The 1998 invitation described OSonOS  as "the annual event for Open
Space practitioners, a great opportunity to meet with peers who have
been working with Open Space". There was no reference to novices being
introduced to OS. Like any OS, one can expect a few strangers (in this
case, newcomers to OS). A turn out of newcomers at the level of 75% of
all participants cannot but change the nature of the OSonOS meeting as
it would for any meeting.

What is a stranger? I agree that we are all strangers in the sense of
being open to the unknown but to my understanding, H.Owen's use of the
"stranger concept" refers to something different. As I remember, it was
described more as a "few" people, not related to the group who happen to
be there even if they are not part of the group, who listen and at times
can raise questions or issues that can be enlightening for the group.  I
do not sense that people who have commented on this "stranger" or
newcomer issue have problems with the concept of a few strangers and in
that context of welcoming "strangers", on the contrary. I do not
perceive this concern about the number of newcomers as being
"insiderisms". Rather, the concern seems to recognize the importance of
clarity of intent and focus which in the end is more respectful of
everyone's needs and in that way, more inclusive.

There seems to be two main needs that one event tried to address. This
approach may have served well the OS community in the past. The
evolution and expansion of that very community may now warrant a
different way of doing things. Maybe we need two events, which could
even occur one right after the other to facilitate some
cross-pollination, each having a clear objective. One of these two needs
is to offer an opportunity for OS practitioners to further their
learning; the second need appears to be one of spreading OS, one that in
other contexts would be described as sensitization or promotion, and can
translate itself into promotion of a way of thinking or a philosophy, of
training workshops, of membership, of books, etc.

The "similar" personal situation I was referring to earlier was in fact
the 1997 OsonOS. I  experienced the same thing about the imbalance
between people wanting to discover OS and people wanting to deepen their
knowledge of OS. The difficulty was in small groups where newcomers
would often divert  the discussion of the issue at hand to raise
personal questions on the technique of OS itself and at times
challenging those with experience to "prove" to them, to "convince" them
that it works, as some indicated they were downright sceptical. One may
say that this offered good practice for an OS practitioners but such
practice, we get everyday around us.
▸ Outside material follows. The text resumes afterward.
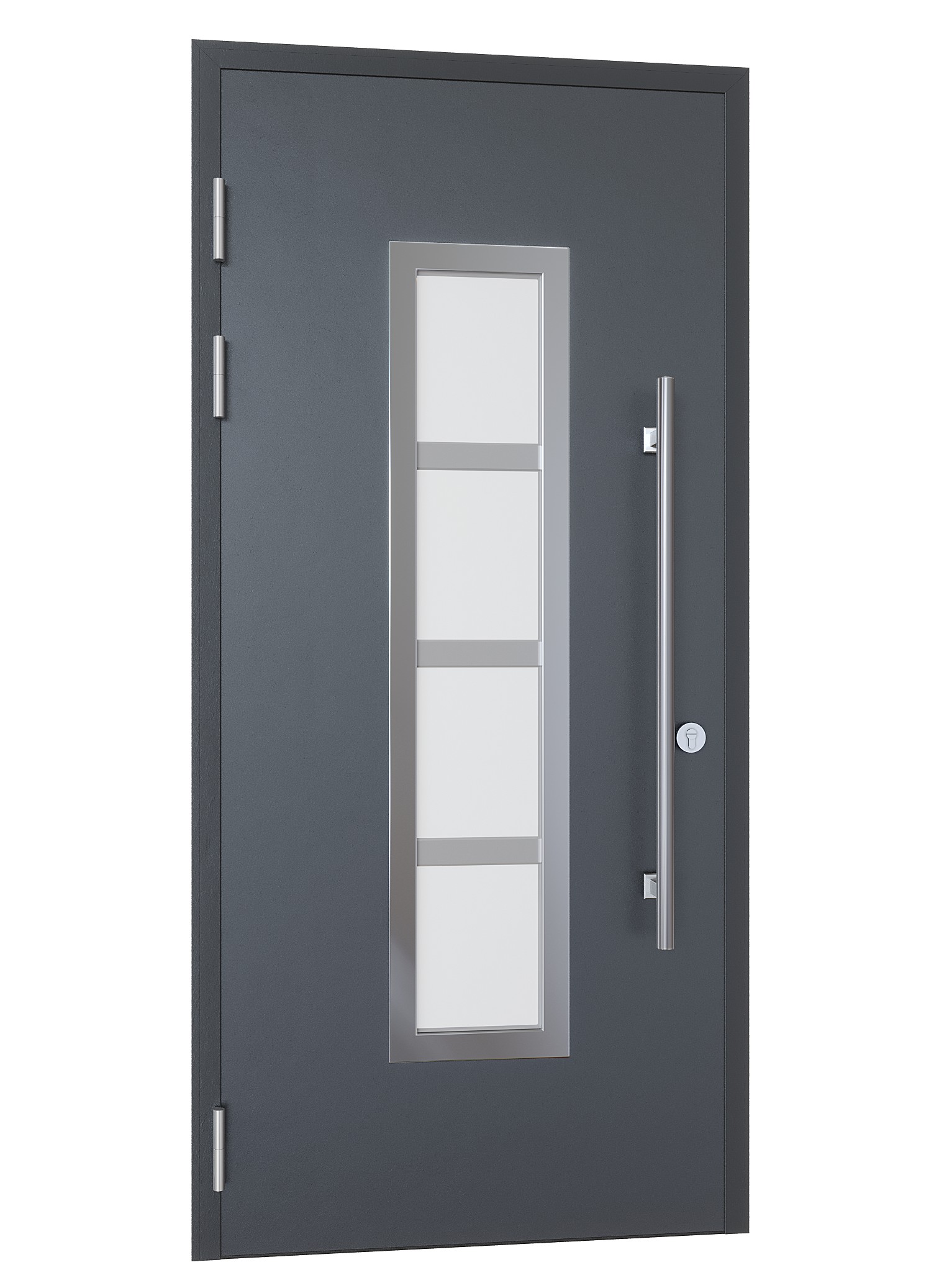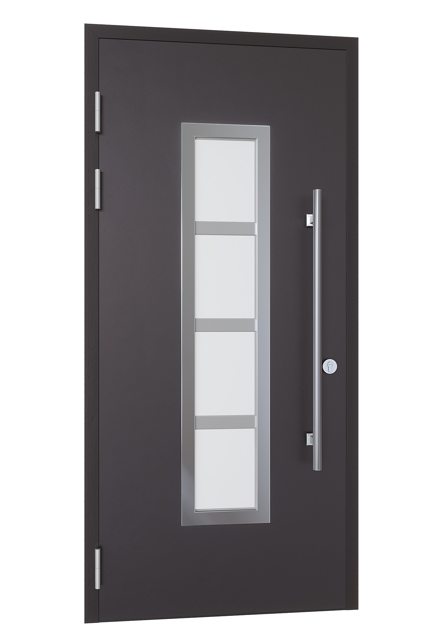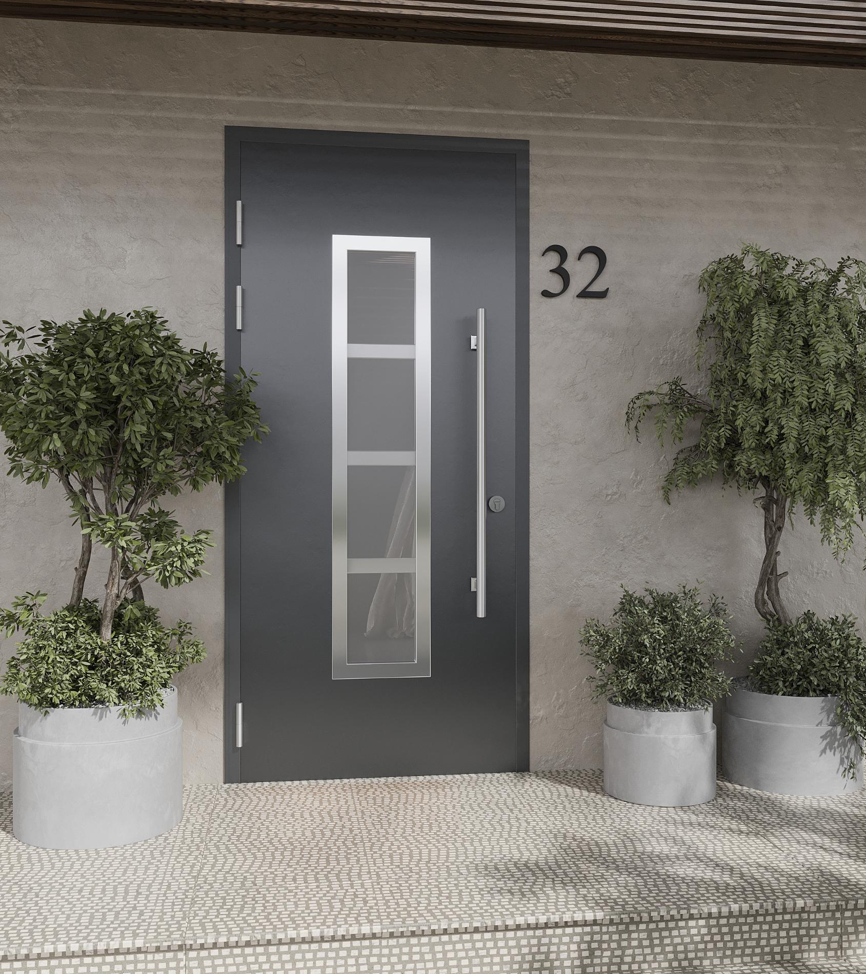 Входная дверь для частного дома с терморазрывом, матовый стеклопакет с накладкой из нержавеющей стали и ручка-штанга 1000мм.

More rare is the opportunity to
exchange with peers from across the world to further our own training as
facilitators. It is true that we can always learn from any situation.
The question is are we working on what we most need to work on? If
pursuant to an invitation, we (people with OS experience) invest time
and financial resources to come to the event, we bring our passion to
address the specific issue presented to us, ie, deepening our learning,
it is normal that we have expectations to be welcomed and respected in
that need.

At the 97 OSonOS, during a group discussion that was precisely on how to
further the training of those who have had some training and are
practitioners of OS, I raised my concern about the purpose of the event
and the imbalance in the composition of the group.  I gave the following
example to explain. What if an organization invited its members to
discuss how it can do better on the day to day job and that it also
invited outside people to a rate of 70%. It is possible that much time
would be spent bringing new people up to date as to what the
organization is, what the jobs are, clarifying and telling stories
before some of the issues of "betterment" could begin to be addressed.
Air time for the members of the organization to actually explore their
specific needs is most likely reduced. This could result in some level
of frustration on the part of the organization's members who came with
the intent to accomplish something very concrete on their issue related
to their day to day work. The nature of the meeting was changed by who
was invited and attended  - more precisely, the number of newcomers.
Both sides could feel they have been brought under false pretenses.
There seemed to be some recognition in our discussion  group that the
level of the exchange in such a case would be one of conversation, not
one of in depth discussion. In the course of this discussion, it was
suggested to have one clear objective for the OsonOS, learning for
people who practice OS,  and to invite people accordingly. This proposal
was a "different" way of doing OSonOS and as any new way of doing
things, time was needed for reflection.

Harrison Owen says in his guide on OS that "focus and intent must be
clear,... that the first thing is to determine in concrete terms what
you want to accomplish". In any facilitation approach, we  aim at
reaching the objective of the meeting to its fullest potential. This is
what it's about: having a clear, transparent intent and organizing the
event in a way as to maximize the potential of reaching that intent.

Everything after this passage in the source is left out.